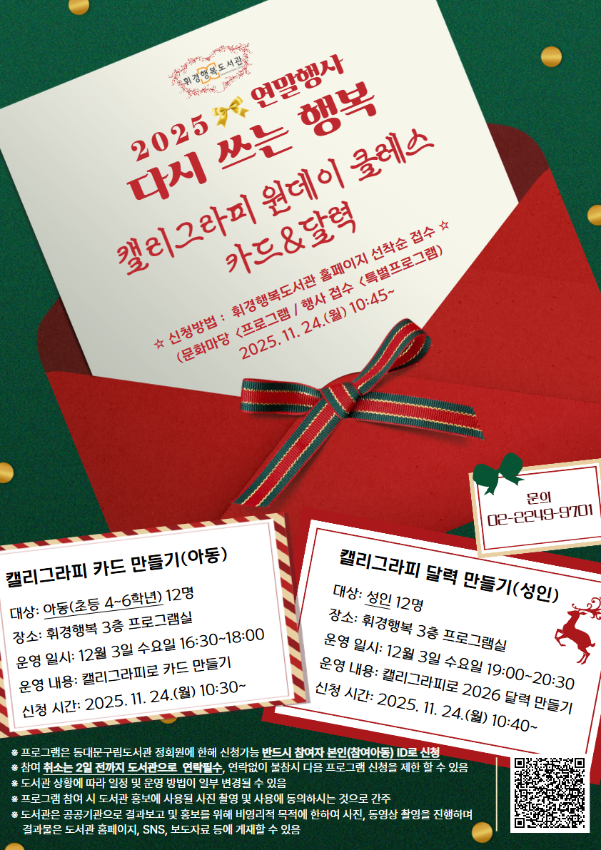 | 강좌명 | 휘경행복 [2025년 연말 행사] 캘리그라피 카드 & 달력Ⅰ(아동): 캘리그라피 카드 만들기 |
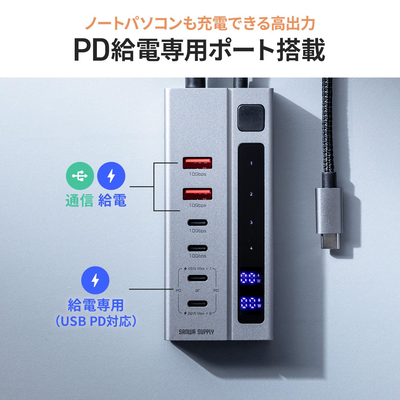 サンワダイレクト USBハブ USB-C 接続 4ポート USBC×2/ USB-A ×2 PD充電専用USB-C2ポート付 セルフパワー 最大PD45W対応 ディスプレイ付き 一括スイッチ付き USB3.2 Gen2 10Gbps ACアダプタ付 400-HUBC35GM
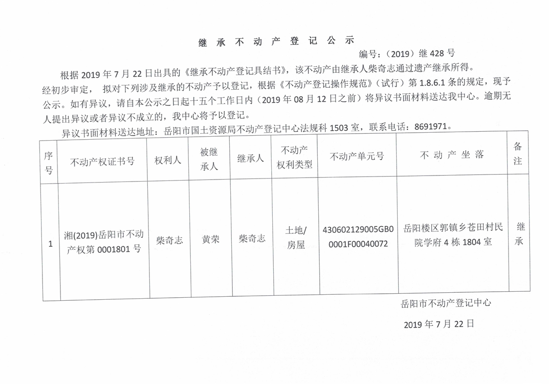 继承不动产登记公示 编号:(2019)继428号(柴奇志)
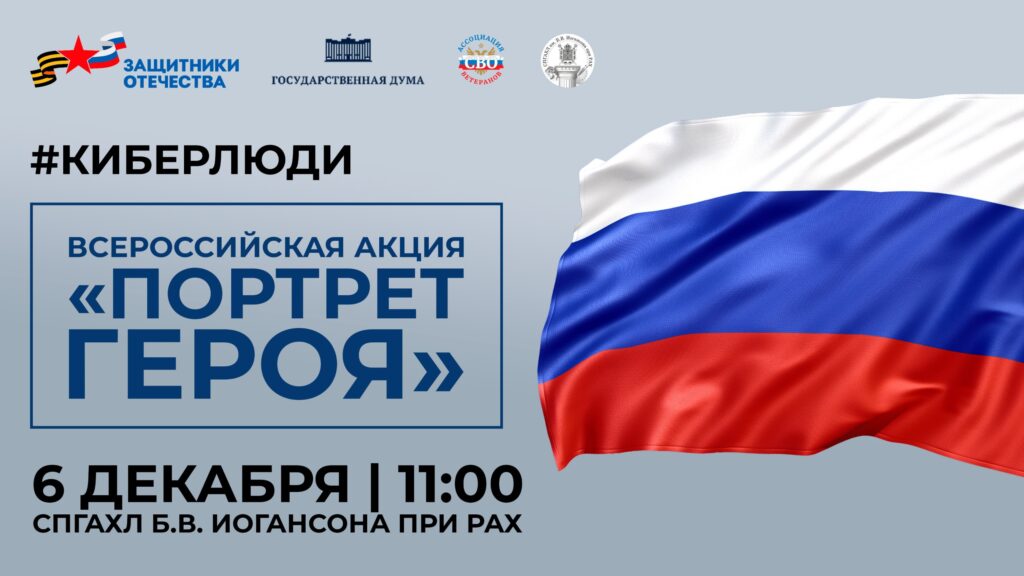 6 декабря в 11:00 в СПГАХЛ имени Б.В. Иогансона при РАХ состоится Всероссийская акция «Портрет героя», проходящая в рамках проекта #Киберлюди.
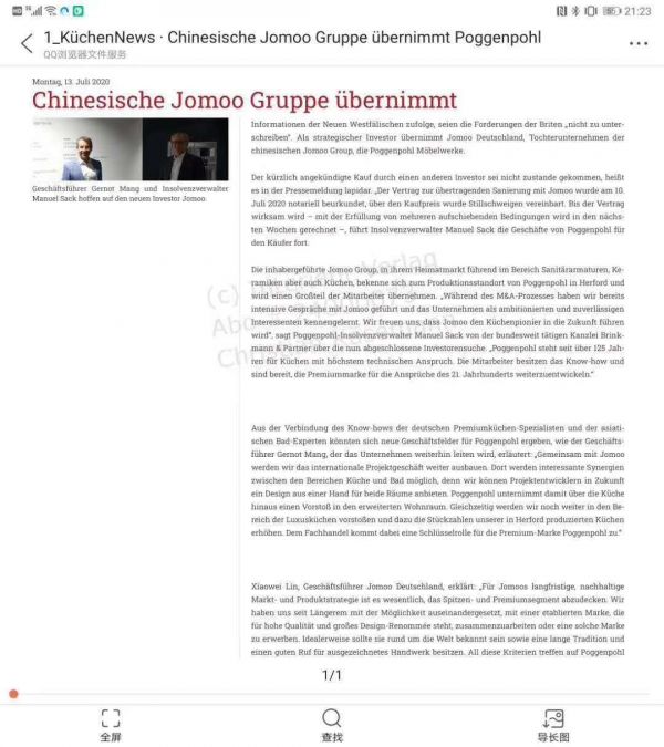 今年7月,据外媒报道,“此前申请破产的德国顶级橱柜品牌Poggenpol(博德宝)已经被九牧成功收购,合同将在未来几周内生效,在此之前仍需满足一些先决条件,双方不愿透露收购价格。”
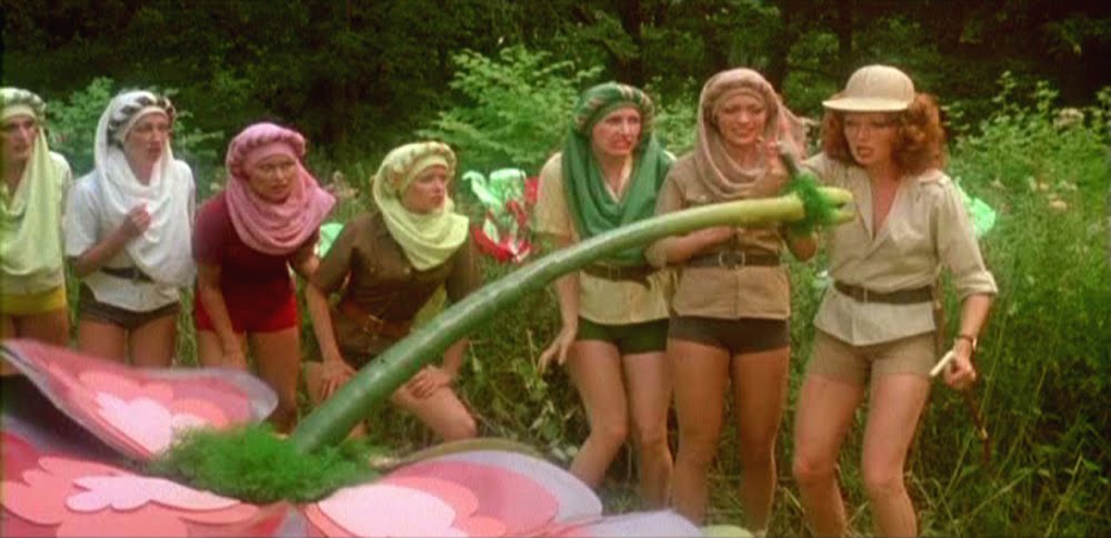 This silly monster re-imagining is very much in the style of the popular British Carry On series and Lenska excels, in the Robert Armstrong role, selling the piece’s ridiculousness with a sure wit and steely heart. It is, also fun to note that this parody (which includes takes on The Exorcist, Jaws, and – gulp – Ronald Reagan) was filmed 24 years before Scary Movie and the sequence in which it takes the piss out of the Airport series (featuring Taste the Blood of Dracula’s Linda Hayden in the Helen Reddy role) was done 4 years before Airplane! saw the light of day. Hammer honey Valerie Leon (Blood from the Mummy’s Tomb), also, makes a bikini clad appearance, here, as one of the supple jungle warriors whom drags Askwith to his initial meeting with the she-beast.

****************************************

Quote all the lines above exactly as given. Do not include the pictures.

EXERCISE ANSWER
 | 강좌명 | 휘경행복 [2025년 연말 행사] 캘리그라피 카드 & 달력Ⅰ(아동): 캘리그라피 카드 만들기 |
 サンワダイレクト USBハブ USB-C 接続 4ポート USBC×2/ USB-A ×2 PD充電専用USB-C2ポート付 セルフパワー 最大PD45W対応 ディスプレイ付き 一括スイッチ付き USB3.2 Gen2 10Gbps ACアダプタ付 400-HUBC35GM
 继承不动产登记公示 编号:(2019)继428号(柴奇志)
 6 декабря в 11:00 в СПГАХЛ имени Б.В. Иогансона при РАХ состоится Всероссийская акция «Портрет героя», проходящая в рамках проекта #Киберлюди.
 今年7月,据外媒报道,“此前申请破产的德国顶级橱柜品牌Poggenpol(博德宝)已经被九牧成功收购,合同将在未来几周内生效,在此之前仍需满足一些先决条件,双方不愿透露收购价格。”
 This silly monster re-imagining is very much in the style of the popular British Carry On series and Lenska excels, in the Robert Armstrong role, selling the piece’s ridiculousness with a sure wit and steely heart. It is, also fun to note that this parody (which includes takes on The Exorcist, Jaws, and – gulp – Ronald Reagan) was filmed 24 years before Scary Movie and the sequence in which it takes the piss out of the Airport series (featuring Taste the Blood of Dracula’s Linda Hayden in the Helen Reddy role) was done 4 years before Airplane! saw the light of day. Hammer honey Valerie Leon (Blood from the Mummy’s Tomb), also, makes a bikini clad appearance, here, as one of the supple jungle warriors whom drags Askwith to his initial meeting with the she-beast.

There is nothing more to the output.